Using xp.all is ok for now, I was just suggesting a follow-up improvement.
sklearn/metrics/_classification.py
Outdated
| if is_y_true_array_api: | ||
| y_true = _convert_to_numpy(y_true, xp=xp_y_true) |
There was a problem hiding this comment.
| if is_y_true_array_api: | |
| y_true = _convert_to_numpy(y_true, xp=xp_y_true) | |
| # For classification metrics, both array API compatible and non array | |
| # API compatible inputs are allowed for y_true: in particular arrays | |
| # that store class labels as Python string with an object dtype cannot | |
| # be represented with non-NumPy namespaces. To avoid having to maintain | |
| # two code branches, we always convert y_true to NumPy and move the | |
| # integer encoded output of LabelBinarizer.transform back to the y_prob | |
| # namespace, irrespective of the original y_true namespace. | |
| if is_y_true_array_api: | |
| y_true = _convert_to_numpy(y_true, xp=xp_y_true) |
There was a problem hiding this comment.
Actually, I think we could improve the readability of the _validate_multiclass_probabilistic_prediction function by extracting the namespace aware one-hot encoding of y_true into its own private helper:
def _one_hot_multiclass_target(y_true, target_xp, target_device, labels=None):
# Ensure that y_true is numpy, call the LabelBinarizer, perform labels consistency
# checks and move the result to the target namespace and device.
...
return transformed_labelsWe could similarly extract the matching code for the binary case out of _validate_binary_probabilistic_prediction:
def _one_hot_binary_target(y_true, target_xp, target_device, pos_label=None):
...
return transformed_labelsThose helpers might also to be reusable to improve array API support for other classification metrics for which y_pred is not probabilistic (e.g. ROC AUC, average precision, confusion matrix based metrics and so on...)
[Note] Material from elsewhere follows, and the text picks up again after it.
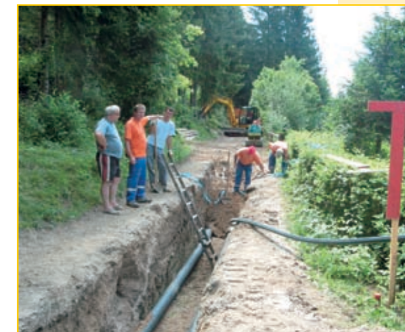
Do leta 2010 bo Tržič postal komunalno ena najbolj urejenih občin na Gorenjskem, kar bo nudilo dobre možnosti za razvoj gospodarstva, podjetništva in obrti.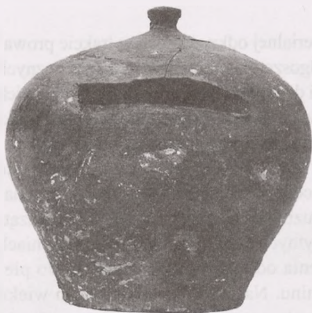
Fot. 2. Skarbonka z okresu rzymskiego ze zbiorów Uniwersytetu Jagiellońskiego Wg J. Śliwa, Rzymska skarbonka hr. Józefa Wodzickiego, „Alma Mater” 2003, nr 49

There was a problem hiding this comment.
@OmarManzoor @ogrisel
To clarify, is the intention that all classification metrics should support string y_true (when it is numpy). E.g., for accuracy_score
scikit-learn/sklearn/metrics/_classification.py
Lines 407 to 408 in 473fef0
we would want to change this to something similar-ish to what is in _one_hot_encoding_binary_target, like:
xp_y_true = get_namespace(y_true)
y_true = xp.asarray(y_true, dytpe=xp_y_true.int64)
y_true, sample_weight = move_to(y_true, sample_weight, xp=xp, device=device) or even
xp_y_true = get_namespace(y_true)
if _is_numpy_namespace(xp_y_true):
y_true = xp.asarray(y_true, dytpe=xp_y_true.int64)
y_true, sample_weight = move_to(y_true, sample_weight, xp=xp, device=device) There was a problem hiding this comment.
(just un-resolving for visibility)
| ) | ||
| y_proba_null = np.average(transformed_labels, axis=0, weights=sample_weight) | ||
| y_proba_null = np.tile(y_proba_null, (len(y_true), 1)) | ||
| transformed_labels = xp.astype(transformed_labels, y_proba.dtype, copy=False) |
There was a problem hiding this comment.
Maybe we could add a dtype param to the one hot encoding helpers.
There was a problem hiding this comment.
But that would then create confusions when we don't need such a change. I think it might make sense to do this where it's required.
There was a problem hiding this comment.
Ok, but let's keep that possibility in mind if we repeat this .astype calls in future reuses of the _one_hot_encoding_binary/multiclass_target functions.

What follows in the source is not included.